[DATA SUPPLIED Boundary: Start]
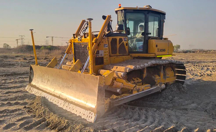 在路基填方平整作业中,徐工推土机铲刀引导系统以双天线GNSS技术实现厘米级铲刀高程精准定位,结合定高定坡一键设定功能,高效完成分层填筑路基土方、在坡度超过1:5的斜坡或沟渠区域,配合开挖台阶、回填土方,并铺设土工格栅等任务。即开即用的高性价比优势,大幅降低测量人力与燃油消耗,推动施工效率与质量双提升。
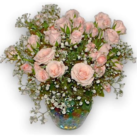 Arranjo no vidro com rosa spray, gipsofila, folhagens e vidro com gel bolinha
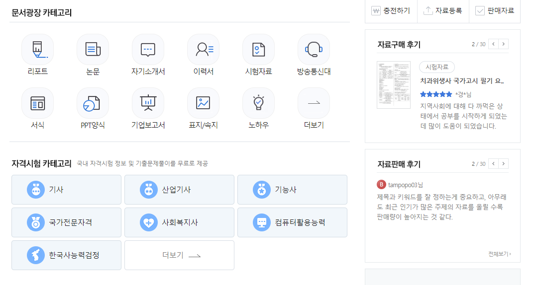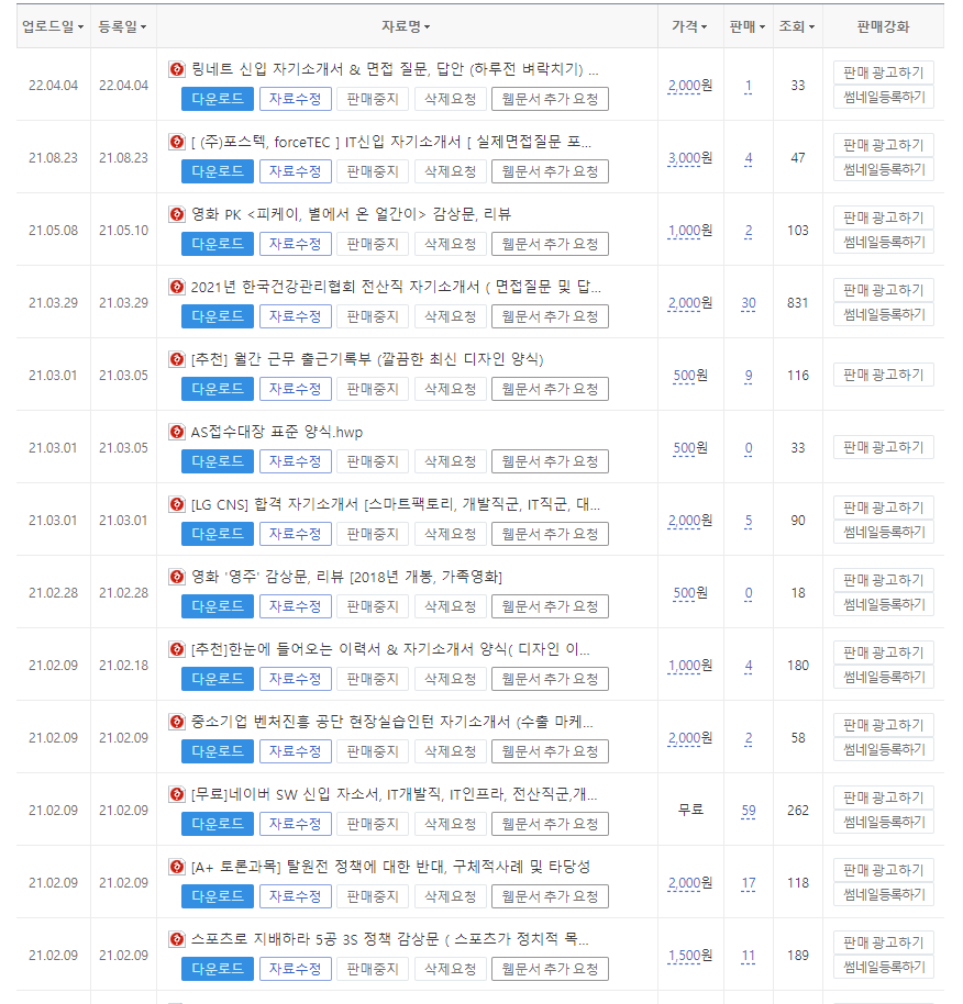 자소서나 감상문 혹은 토익이나 자격증 공부에 필요한 정리자료나 노하우 나같은 경우 컴공과 출신이라 소프트웨어 프로젝트를 하며 모아놓은 코드도 판매하고 it기업에 지원할때 작성했는 자소서나 교양과목에서 작성했는 레포트 자료들까지 올려두었는데 이게 과연 팔릴까 싶었는데 생각보다 정말 잘팔린다.
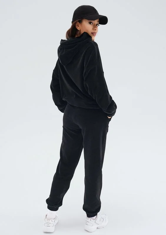 Czarne spodnie dresowe o bardzo luźnym kroju. Model wykonany z modnej dzianiny welurowej. Fason z wygodnymi gumami w pasie i kostkach oraz dwoma kieszeniami.
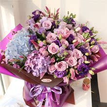 玫瑰花束鲜花速递绣球大花束紫色女友求婚生日武汉同城花店情人节
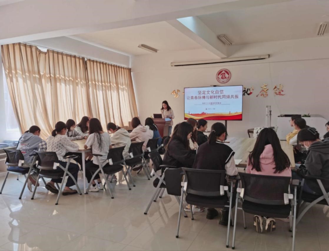 为激励广大学生从党的二十大精神中汲取前行的智慧和力量, 不断增强思想自觉和行动自觉,4月3日下午,学生第二党支部负责人马瑞老师在公共卫生学院学生中心进行了主题为《坚定文化自信,让青春脉搏与新时代同频共振》的党的二十大精神宣讲。
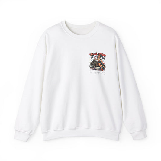 Grease Monkey Goddess Crewneck Sweatshirt - Vintage Automotive Apparel
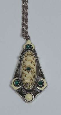 with simulated ivory pierced panel set with chrysoprase, marcasite and white enamel, signed with monogram 'TF' and stamped 935
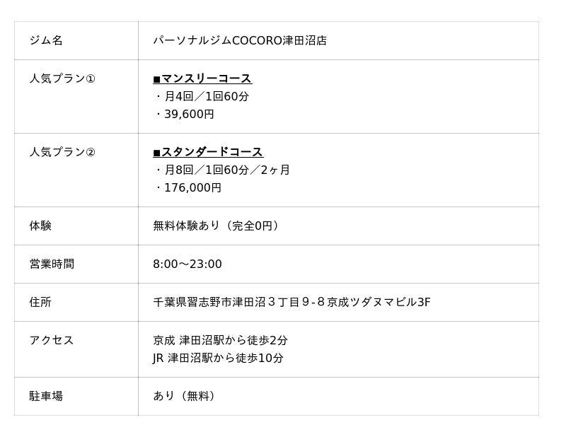「心理面も含めたサポートを受けたい方は、パーソナルジムCOCORO津田沼店のような選択肢も検討してみましょう」
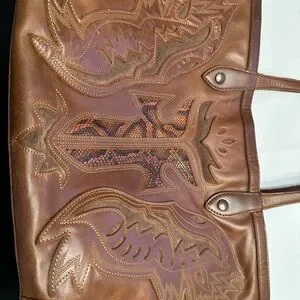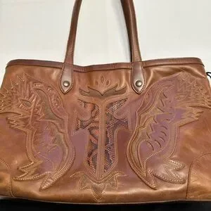 Frye Tote with snakeskin FF. Awesome bag and has really been loved!! Frye leather is made to endure…. This is an awesome bag that has a lot of life left. Please see all photos for measurements and wear. Leather Needs another round of conditioning. Bag is still in good condition with marks, corner wear and leather has relaxed due to wear. Make this one yours!!!😊💕♥️🌷
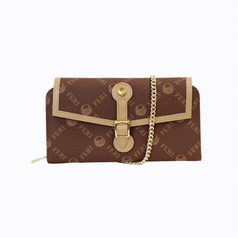 The FERI Signature Buckle-Flap Wallet blends classic elegance with smart utility. Crafted from classic brown textured leather featuring the all-over FERI monogram, this wallet stands out with its structured flap closure, complete with a decorative strap, gold-...
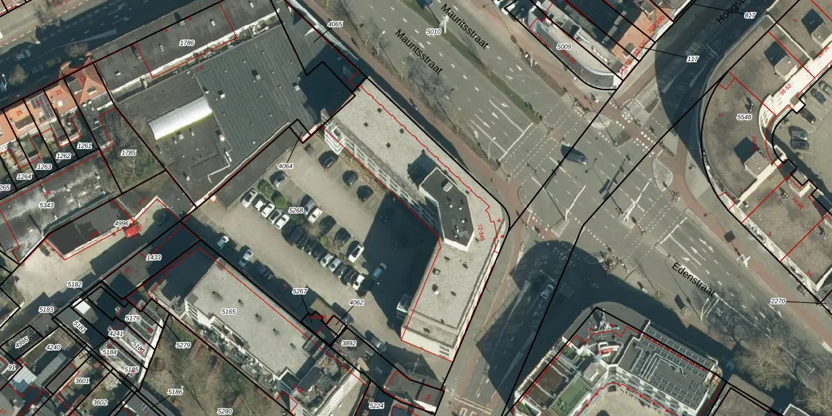 Het perceel waarop Mauritsstraat 110 staat heeft een oppervlakte van 3137 m². Dit is een zeer groot perceel. De perceeloppervlakte wordt geregistreerd door het Kadaster. Gedetailleerde informatie over de maten van dit perceel kunt u vinden in het rapport Kadastrale kaart met maatvoering van Mauritsstraat 110.
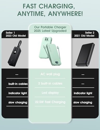 Specification: Portable Power Bank, 12000mAh 22.5W Phone Charger with Built-in Cables and Wall Plug, USB C Fast Charging Battery Bank with Smart LED Display, External Battery Pack for iPhone, iPad, Samsung etc Green
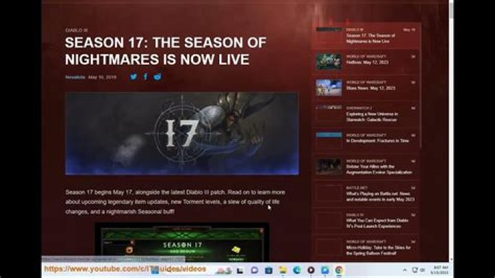 Season 17: The Season of Nightmares is Now Live. Nevalistis May 10, 2019. Season 17 begins May 17, alongside the latest Diablo III patch. Read on to learn more about upcoming legendary item updates, new Torment levels, a slew of quality of life changes, and a …
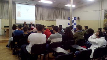 Unos sesenta alumnos del ciclo superior de Prevencion de Riesgos Profesionales del instituto IES Universidade Laboral de Culleredo, asistieron a una charla sobre el trabajo que desempena una mutua y su relacion con la Seguridad Social, impartida por Olaya Lopez, Directora de Organizacion y Control de Mutua Gallega y Cristobal Pinon, Director de Prestaciones de la misma entidad.
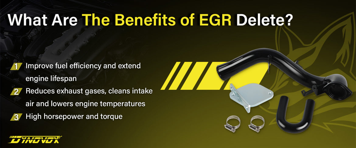 Deleting the EGR system reduces carbon buildup and improves airflow to the engine. This will result in better performance and you may experience improved throttle response, increased horsepower, and greater fuel efficiency. Another benefit is increased reliability.
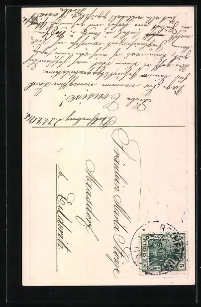 Personenbezogene Daten auf der Rückseite der Karte wurden durch blauen Textmarker unkenntlich gemacht. Die blauen Stellen sind auf die Vorderseite durchgeweicht und wirken sich negativ auf das Postkartenfoto aus
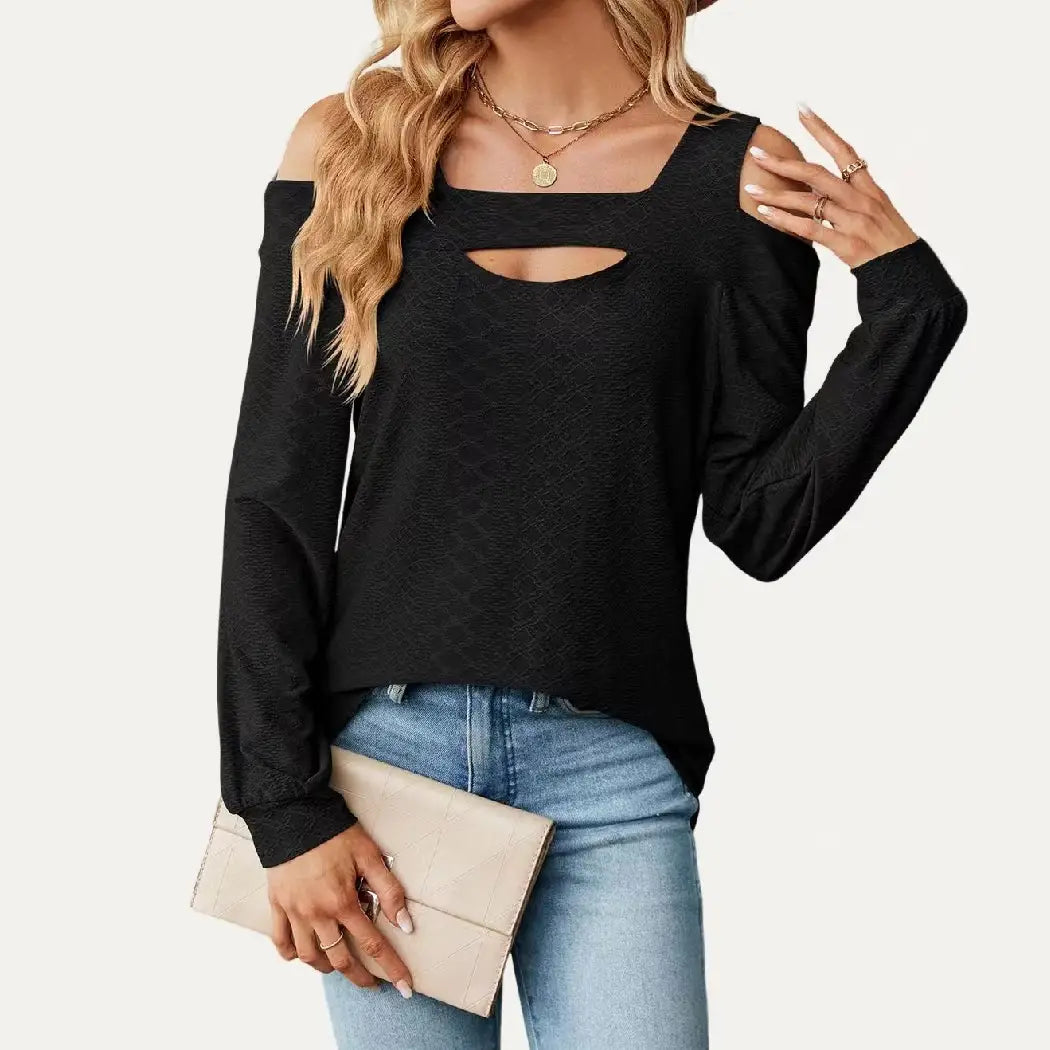 Chic Textured Square Neck Cold Shoulder Long Sleeve Top
[DATA SUPPLIED Boundary: End]
▶ [PROMPT] For this exercise, set down the lines in the entries above from the one with "Frye Tote with" through the one with "Season 17: The" exactly as written, without any pictures.

▶ [WRITTEN ANSWER]
 Frye Tote with snakeskin FF. Awesome bag and has really been loved!! Frye leather is made to endure…. This is an awesome bag that has a lot of life left. Please see all photos for measurements and wear. Leather Needs another round of conditioning. Bag is still in good condition with marks, corner wear and leather has relaxed due to wear. Make this one yours!!!😊💕♥️🌷
 The FERI Signature Buckle-Flap Wallet blends classic elegance with smart utility. Crafted from classic brown textured leather featuring the all-over FERI monogram, this wallet stands out with its structured flap closure, complete with a decorative strap, gold-...
 Het perceel waarop Mauritsstraat 110 staat heeft een oppervlakte van 3137 m². Dit is een zeer groot perceel. De perceeloppervlakte wordt geregistreerd door het Kadaster. Gedetailleerde informatie over de maten van dit perceel kunt u vinden in het rapport Kadastrale kaart met maatvoering van Mauritsstraat 110.
 Specification: Portable Power Bank, 12000mAh 22.5W Phone Charger with Built-in Cables and Wall Plug, USB C Fast Charging Battery Bank with Smart LED Display, External Battery Pack for iPhone, iPad, Samsung etc Green
 Season 17: The Season of Nightmares is Now Live. Nevalistis May 10, 2019. Season 17 begins May 17, alongside the latest Diablo III patch. Read on to learn more about upcoming legendary item updates, new Torment levels, a slew of quality of life changes, and a …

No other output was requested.